It’s a regular weekday morning in your urban neighborhood, but then suddenly everything changes. As you get into your car to drive to work, you turn on the radio and hear officials announcing an emergency in the local area.
Maybe there’s an approaching natural disaster. Or perhaps there’s been a chemical or biological attack by terrorists, or an influenza outbreak is imminent. You listen closely to the information, take stock of the situation, and begin to consider your options. What will you do?
Some people don’t have to think long. Their Plan A, which has been cemented for years, is to grab their bug out bag and head for the wilderness. They take the steps necessary to pack up the whole family and begin driving toward the nearest trailhead, with hopes of living off the land and hiding from danger until the disaster resolves itself.
But is this the most practical plan? The debate is intense on myriad survivalist blogs.
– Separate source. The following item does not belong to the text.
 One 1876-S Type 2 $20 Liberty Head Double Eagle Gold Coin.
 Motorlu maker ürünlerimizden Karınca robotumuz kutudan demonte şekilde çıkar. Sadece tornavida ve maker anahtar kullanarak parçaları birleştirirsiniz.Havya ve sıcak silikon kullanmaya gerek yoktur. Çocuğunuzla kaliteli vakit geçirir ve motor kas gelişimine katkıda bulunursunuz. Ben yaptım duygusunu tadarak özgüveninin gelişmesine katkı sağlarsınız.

Some say it’s natural to go back to our roots in the event of an emergency, hunting and fishing and purifying water from streams. But many experts disagree, citing that this is more of a romantic notion than a practical plan. M.D. Creekmore, author of the popular The Survivalist Blog, says the idea of leaving the security of home for the unknowns of the wilderness has never sat well with him, and he cautions against making decisions based on “emotion, instead of logic.” He thinks that in most cases, there are better ways to survive disasters than heading for the hills.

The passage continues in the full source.